Corporate earnings are set to revive on a combination of good monsoon, falling interest rates and salary hikes for government employees. Yet, they may not be good enough to justify the expensive valuations that most stocks are quoting at, feels Nilesh Shetty, equity fund manager, Quantum Mutual Fund.

January 20, 2017 / 13:37 IST

Corporate earnings growth is set to revive on a combination of good monsoon, falling interest rates and salary hikes for government employees. Yet, it may not be good enough to justify the expensive valuations that most stocks are quoting at, feels Nilesh Shetty, equity fund manager, Quantum Mutual Fund.
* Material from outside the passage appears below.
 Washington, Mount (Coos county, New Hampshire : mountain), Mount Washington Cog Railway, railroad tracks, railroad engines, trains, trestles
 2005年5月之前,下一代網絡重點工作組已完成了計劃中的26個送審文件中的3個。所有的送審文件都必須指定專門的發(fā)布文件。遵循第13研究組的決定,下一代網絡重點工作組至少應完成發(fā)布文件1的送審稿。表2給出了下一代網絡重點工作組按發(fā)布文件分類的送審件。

“When we look at company valuations even after factoring in strong recovery in earnings, they still looks very expensive,” Shetty said in an interview to moneycontrol.com. “Over the last couple of months we have been selling out of stocks or trimming them,” he said.
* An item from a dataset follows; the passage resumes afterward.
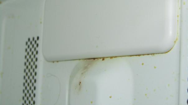 На будущее, заливать микроволновку чистящими средствами и драить металлической губкой - это не лучшая идея... Помимо данного случая может пострадать еще и керамическое покрытие внутри самой печи, что тоже чревато последствиями.

In February, Quantum was holding less than 5 percent of its equity portfolio in cash. The cash holding was now risen to a little over 10 percent, Shetty said, adding that the money would be deployed whenever there is a steep correction in prices.
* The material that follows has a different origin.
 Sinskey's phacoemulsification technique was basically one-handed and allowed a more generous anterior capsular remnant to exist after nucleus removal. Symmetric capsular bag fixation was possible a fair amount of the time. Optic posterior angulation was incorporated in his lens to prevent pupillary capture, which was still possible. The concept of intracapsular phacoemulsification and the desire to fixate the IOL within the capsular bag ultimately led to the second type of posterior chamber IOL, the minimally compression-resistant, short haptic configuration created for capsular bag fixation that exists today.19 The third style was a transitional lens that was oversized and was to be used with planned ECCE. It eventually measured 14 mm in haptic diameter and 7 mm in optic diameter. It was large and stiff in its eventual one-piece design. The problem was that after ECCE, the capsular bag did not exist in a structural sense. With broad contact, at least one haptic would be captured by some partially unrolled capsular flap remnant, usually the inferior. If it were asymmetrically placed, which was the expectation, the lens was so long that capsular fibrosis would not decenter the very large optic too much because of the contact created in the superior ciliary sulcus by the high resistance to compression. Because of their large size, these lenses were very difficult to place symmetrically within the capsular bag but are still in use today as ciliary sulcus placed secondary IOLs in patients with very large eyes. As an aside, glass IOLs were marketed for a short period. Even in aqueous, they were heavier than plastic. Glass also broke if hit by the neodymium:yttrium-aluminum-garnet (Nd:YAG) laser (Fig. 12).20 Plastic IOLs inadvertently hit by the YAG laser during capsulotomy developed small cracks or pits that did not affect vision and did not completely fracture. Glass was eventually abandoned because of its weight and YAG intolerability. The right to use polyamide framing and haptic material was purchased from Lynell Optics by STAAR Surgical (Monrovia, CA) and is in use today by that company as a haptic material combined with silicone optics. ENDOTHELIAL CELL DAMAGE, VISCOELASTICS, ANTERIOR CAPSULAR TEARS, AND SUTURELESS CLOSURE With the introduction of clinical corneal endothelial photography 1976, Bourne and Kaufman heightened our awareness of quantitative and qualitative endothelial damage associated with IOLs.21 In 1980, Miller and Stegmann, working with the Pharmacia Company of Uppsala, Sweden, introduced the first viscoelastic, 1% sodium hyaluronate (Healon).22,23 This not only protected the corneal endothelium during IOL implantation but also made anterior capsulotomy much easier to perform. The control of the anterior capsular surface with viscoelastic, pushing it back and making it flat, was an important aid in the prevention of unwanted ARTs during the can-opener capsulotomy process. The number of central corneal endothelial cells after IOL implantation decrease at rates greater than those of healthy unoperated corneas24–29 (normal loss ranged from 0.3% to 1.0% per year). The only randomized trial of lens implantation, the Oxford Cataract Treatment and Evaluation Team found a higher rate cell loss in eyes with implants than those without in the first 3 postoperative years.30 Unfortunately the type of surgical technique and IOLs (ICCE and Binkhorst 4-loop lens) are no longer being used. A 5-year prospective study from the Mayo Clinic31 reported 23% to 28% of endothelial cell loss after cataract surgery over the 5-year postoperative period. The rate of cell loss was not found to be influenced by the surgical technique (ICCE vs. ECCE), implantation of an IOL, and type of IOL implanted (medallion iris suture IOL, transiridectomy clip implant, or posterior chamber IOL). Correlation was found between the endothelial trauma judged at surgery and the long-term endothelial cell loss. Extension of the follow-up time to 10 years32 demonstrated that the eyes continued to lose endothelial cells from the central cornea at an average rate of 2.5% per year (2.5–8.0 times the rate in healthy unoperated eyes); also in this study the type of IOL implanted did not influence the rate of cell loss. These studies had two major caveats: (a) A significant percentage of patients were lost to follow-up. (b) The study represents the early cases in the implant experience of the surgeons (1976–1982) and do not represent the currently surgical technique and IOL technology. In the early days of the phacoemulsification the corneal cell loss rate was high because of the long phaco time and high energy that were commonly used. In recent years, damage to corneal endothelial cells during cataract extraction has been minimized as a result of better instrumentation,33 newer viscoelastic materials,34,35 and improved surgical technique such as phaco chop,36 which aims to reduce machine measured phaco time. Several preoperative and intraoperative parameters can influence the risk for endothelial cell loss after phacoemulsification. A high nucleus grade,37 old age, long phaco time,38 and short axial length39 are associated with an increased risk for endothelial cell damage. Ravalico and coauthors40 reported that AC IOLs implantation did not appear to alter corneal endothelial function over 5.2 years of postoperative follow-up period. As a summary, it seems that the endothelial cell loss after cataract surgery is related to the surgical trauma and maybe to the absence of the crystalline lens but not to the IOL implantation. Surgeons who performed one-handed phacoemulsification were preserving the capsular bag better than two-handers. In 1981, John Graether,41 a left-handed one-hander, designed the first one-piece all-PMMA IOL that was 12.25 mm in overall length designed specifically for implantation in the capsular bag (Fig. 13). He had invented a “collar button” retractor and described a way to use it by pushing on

Benchmark indices have been under pressure over the last couple of weeks after a near 30 percent rally from the lows in February this year.

Concerns about an imminent rate hike by the US Fed by December end, and buzz of a banking sector crisis in the Eurozone have tempered the mood in global equity markets of late.

Shetty feels India will fare better relative to other global markets unless the situation at the Indo-Pak border worsens.

“In the near term, we don’t think anything dramatic will happen unless there are some geopolitical tensions like we saw yesterday (referring to the strike),” Shetty said.

He said current stock prices are factoring in a corporate earnings recovery in December and March quarters.

“If that does not happen we are expecting some correction in the market; overall market will remain range-bound,” he said.

Shetty’s fund has a big exposure to ‘consumer discretionary’ companies, mostly two and four wheeler firms.

“We hold largely sectors linked to consumer spending; we also have a large allocation to utility companies, which we picked up last year,” Shetty said.

He is bearish on fast moving consumer goods for nearly 5-6 years now.

“Although they are good companies but the valuations that they are trading at does not make sense to us,” he said.

On banking stocks, Shetty said he would wait for the balance sheets to show signs of improvement before putting big money into them.